查询数组大小大于1的文档 [英] Query for documents where array size is greater than 1

问题描述

我有一个MongoDB集合，其中的文件格式如下:

I have a MongoDB collection with documents in the following format:

{
  "_id" : ObjectId("4e8ae86d08101908e1000001"),
  "name" : ["Name"],
  "zipcode" : ["2223"]
}
{
  "_id" : ObjectId("4e8ae86d08101908e1000002"),
  "name" : ["Another ", "Name"],
  "zipcode" : ["2224"]
}

我目前可以获取与特定数组大小匹配的文档:

I can currently get documents that match a specific array size:

db.accommodations.find({ name : { $size : 2 }})

这将正确返回name数组中包含2个元素的文档.但是，我不能执行$gt命令来返回name字段的数组大小大于2的所有文档:

This correctly returns the documents with 2 elements in the name array.
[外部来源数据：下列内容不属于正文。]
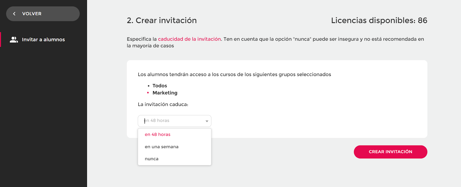 Depois de selecionar os grupos nos quais os alunos que se autorregistrarem ficarão atribuídos, você também pode definir a validade do link. As opções disponíveis são: 48 horas, uma semana ou sem validade.
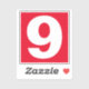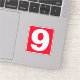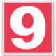 Número Nove. Número 9 Número individual como autocolante. Vermelho e Branco.
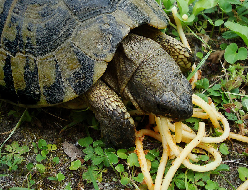 Divertente per lei no di certo.. occhio a dargli la pasta, le tartarughe metabolizzano molto difficilmente i carboidrati (in particolare le erbivore) che costituiscono un grosso peso da smaltire per il suo organismo.. meglio una carota o due foglie di lattuga fresca
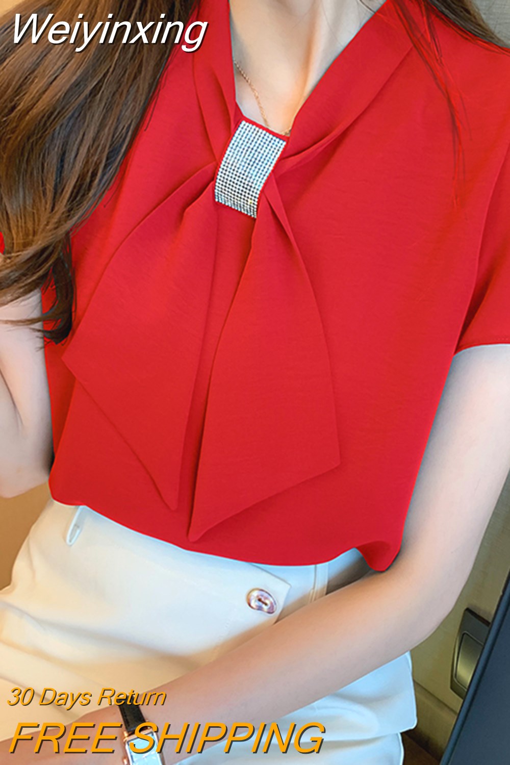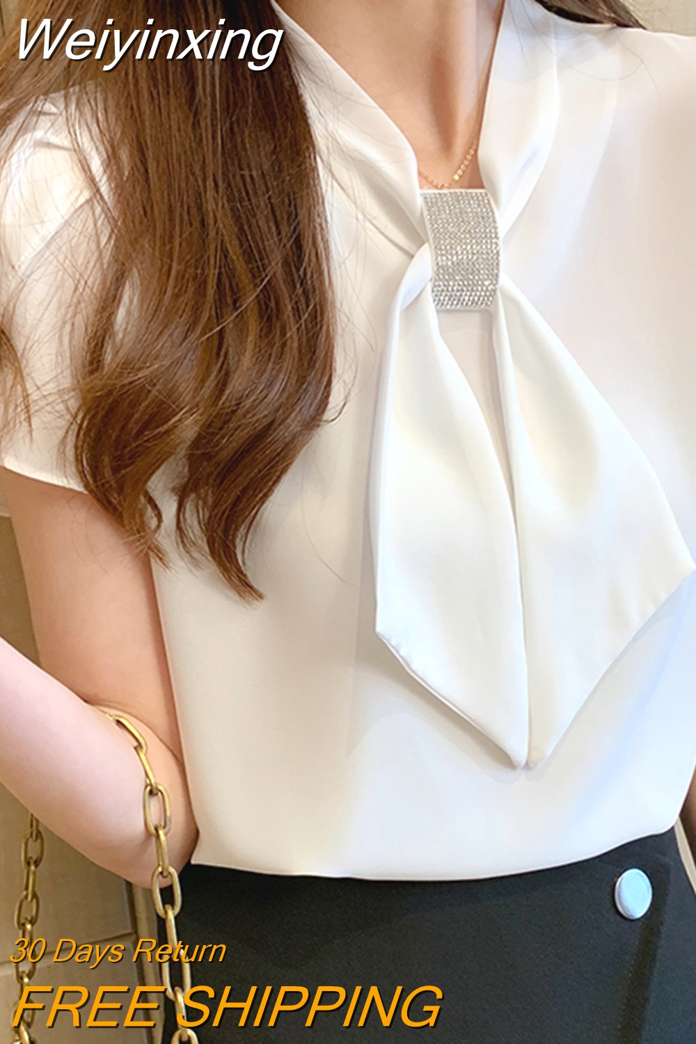 Weiyinxing Femme Top Summer Short Sleeve V-Neck Chiffon Blouse Shirt Blouse Women Blusas Mujer De Moda 2023 Verano Tops Women E844
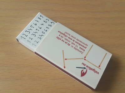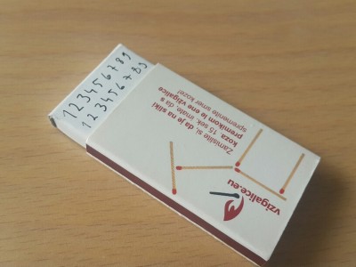 ![]() Potem pa predal za vžigalice povecite malenkost navzven in napišite številke od 1 do 9 (glej sliko). Povejte sogovorniku, da naj si izbere neko število in naj vam jo ne pove. |
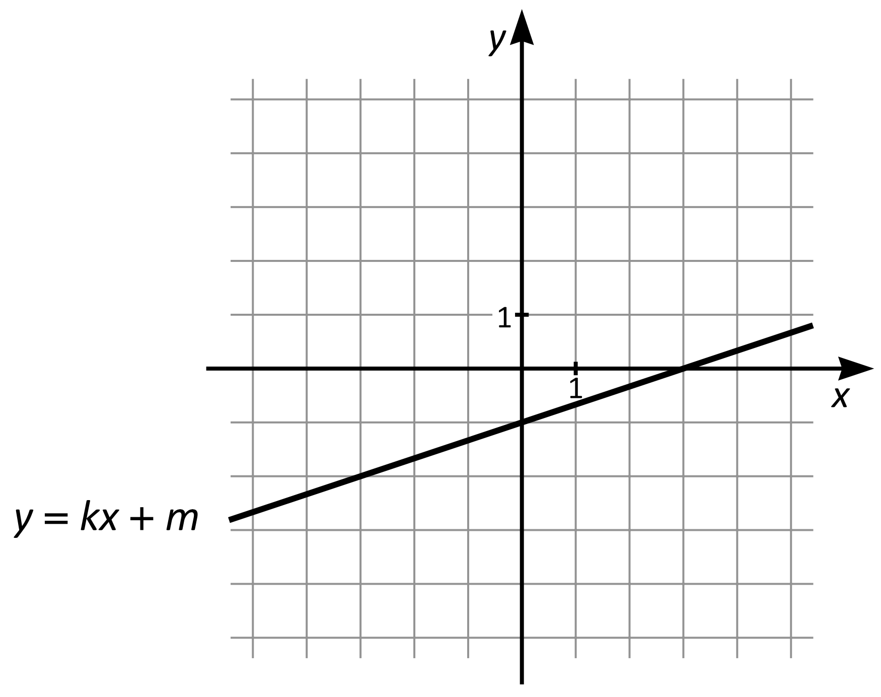 2. Linjen \(y=kx+m\) är inritad i koordinatsystemet nedan. Vad är riktnings koefficienten k för linjen?
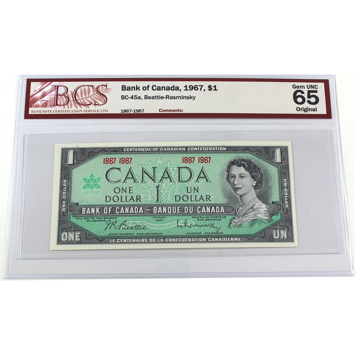 BC-45a 1867-1967 $1 BCS GEM UNC65 Original Beattie-Rasminsky
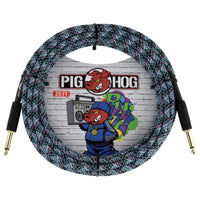 PIG HOG ''BLUE GRAFFITI'' INSTRUMENT CABLE, 20FT STRAIGHT .High performance instrument cable ., high quality, woven outer covering .Gold plated 1/4''-1/4'' straight connectors . guarantee .Pig Hog has always looked beyond the normal order, in favor of flavor and creativity. The Graffiti Series draws inspiration from spray-can catalyzed aerosol art. The cable patterns paint a visually colorful communication of controlled chaos. Like all Pig Hog cables, the Graffiti Series cables are precisely overbuilt to stand up to the most grueling tour conditions imaginable, while adding splashes of color to make your rig really pop! Our cables are designed to provide the highest quality performance with outstanding value. We understand your cables need to sound great and perform reliably, night after night, without costing you an arm or a leg! Thats why we use a high quality 7mm woven jacket that wont fray, and resists kinking and tangling. Our proprietary OFC conductor technology and robust shielding is designed to ensure your sound is crystal clear, without noise or interference, every time. Each cable is hand tested before shipment, and we back up our quality with a warranty so you can be sure your Pig Hog Cables will be an integral part of your rig for years to come.
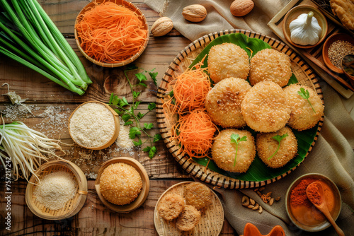 Table set with the essential ingredients for preparing the traditional Vietnamese glutinous rice sesame balls

However, I can't do a $gt command to return all documents where the name field has an array size of greater than 2:

db.accommodations.find({ name : { $size: { $gt : 1 } }})

如何选择所有name数组且其大小大于1(最好不必修改当前数据结构)的文档?

How can I select all documents with a name array of a size greater than one (preferably without having to modify the current data structure)?

推荐答案

更新:

对于mongodb版本 2.2 + ，更有效的方式由 @JohnnyHK 在另一个

For mongodb versions 2.2+ more efficient way to do this described by @JohnnyHK in another answer.

1.使用 $ where

1.Using $where

db.accommodations.find( { $where: "this.name.length > 1" } );

但是...

JavaScript的执行速度比上列出的本机运算符慢 此页面，但非常灵活.请参阅服务器端处理页面 有关更多信息.

Javascript executes more slowly than the native operators listed on this page, but is very flexible. See the server-side processing page for more information.

2.创建 extra 字段NamesArrayLength，使用名称数组长度对其进行更新，然后在查询中使用:

2.Create extra field NamesArrayLength, update it with names array length and then use in queries:

db.accommodations.find({"NamesArrayLength": {$gt: 1} });

这将是更好的解决方案，并且可以更快地工作(您可以在其上创建索引).

It will be better solution, and will work much faster (you can create index on it).

这篇关于查询数组大小大于1的文档的文章就介绍到这了，希望我们推荐的答案对大家有所帮助，也希望大家多多支持IT屋！